I don’t yet know who the Hummer EV is for, or indeed who will buy it. But if history is to repeat itself like General Motors seems to want it to, then truck buyers (see also: Schwarzenegger cosplayers) will flock to it.
For a long time, driving an electric car was seen as the enemy to masculinity. Lame environmentalists owned hybrids, wore Birkenstocks, and were vegan. Real men drove trucks, ate bacon, and drank whiskey, Ron Swanson-style. But now that GM has turned the pinnacle of masculine vehicular ownership — the Hummer — into an EV, it could become the inspiration that drives even the most committed gas-guzzling truck lovers to start thinking EVs are cool.
That seems to be its mission, anyway.
Selling an idea
Aside from building a big truck, which is where GM has found the most success with domestic buyers, the company needed to design and build an EV that would really change public perception. GM has made electric cars before — good ones — in the form of the Volt plug-in hybrid and the current Bolt EV, but none of them had the same “cool” factor as a Tesla.
For The Drive, John Voelcker wrote: “GM is betting a ‘Supertruck’ will change that. It hopes its own massive pickup truck sales, bolstered by aggressive grilles and a macho image, can change the conversation around EVs. It’s the first GM electric car ever whose development team calls it ‘a beast’ — frequently.”

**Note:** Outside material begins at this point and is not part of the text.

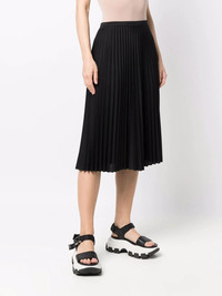 logo-waistband pleated skirt black logo waistband fully pleated elasticated waistband mid-length Imported Composition Polyester 100% SIZE & FIT Model measurements Height 5 ft 10 in(1.77 m) Bust/Chest 35.03 in(89 cm) Hips 35.03 in(89 cm) Waist 23.62 in(60 cm) FittingInformation This piece fits true to size. We recommend you get your regular size Designed for a loose fit with a close fit at the waist Made with a mid-weight non-stretch fabric Washing instructions Dry Clean Only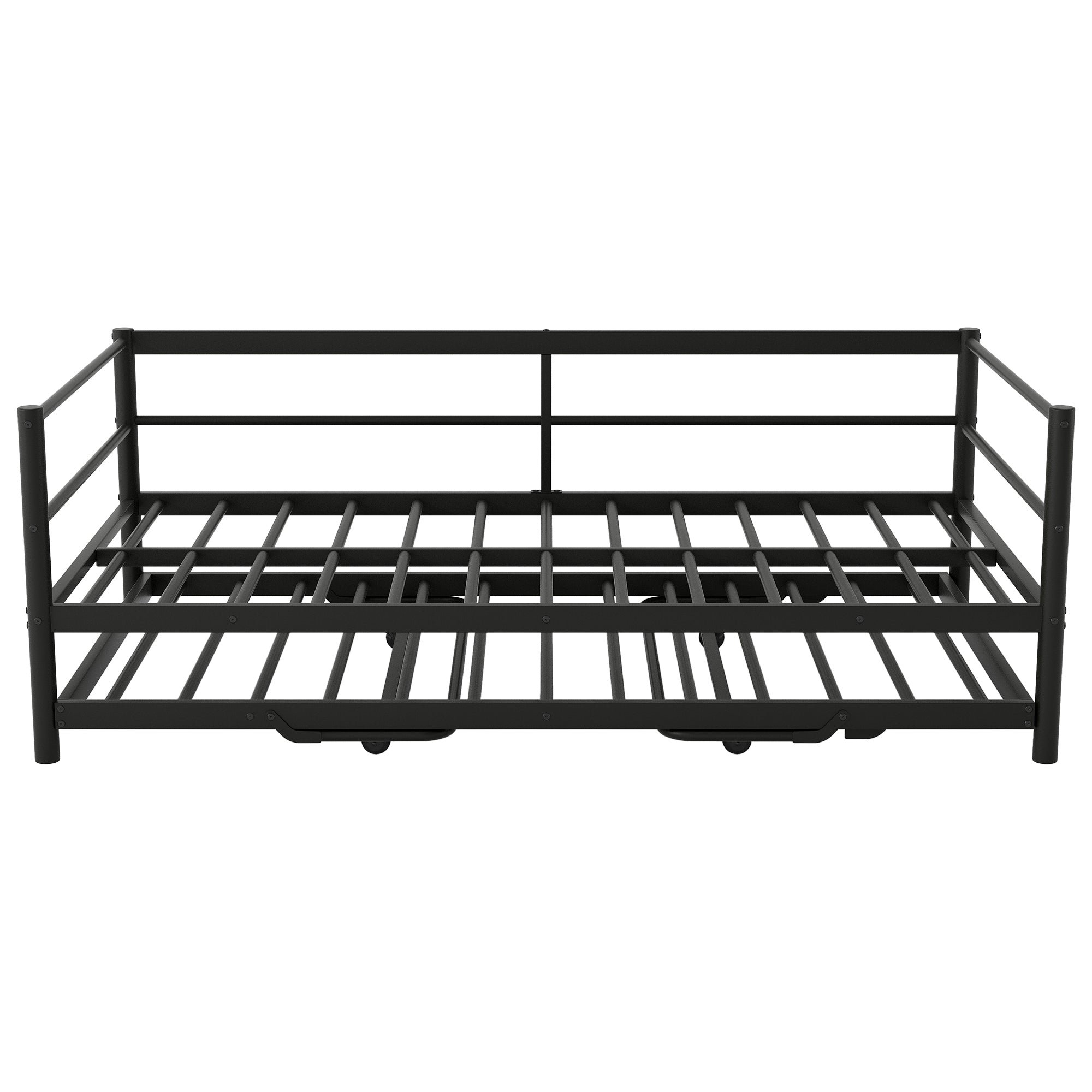 - [Multi-function Daybed] The trundle features braces, it can be risen as high as bed.When you don't want to use the trundle, you can fold it up and put it under the bed. Use as a sofa or bed, this daybed showcases rich industrial style.

He went on: “Put simply, the GMC Hummer EV is the first electric vehicle that does things no gasoline vehicle can do, or does them better — while being audacious just by existing. No one has ever called the 238-mile Chevrolet Bolt EV compact hatchback a beast. You may hear adjectives like sensible, pleasant, capable, and dutiful. But it’s never, ever been badass.”
The Hummer EV has a steep price. An aspirational one, even, because it’s a halo model. And the thing with halo models is you don’t actually have to sell many of them for people to think they’re cool. Their mere existence is enough to get the public talking about them, like Tesla and the Model S.
Yes, the Hummer’s so-called ruggedness and off-roading abilities make me roll my eyes (who is taking a $100,000-plus pickup truck off-roading?). But if it inspires the arguably most resistant and yet-untapped niche of buyers to start thinking about EVs in a positive light, then it will have done its job.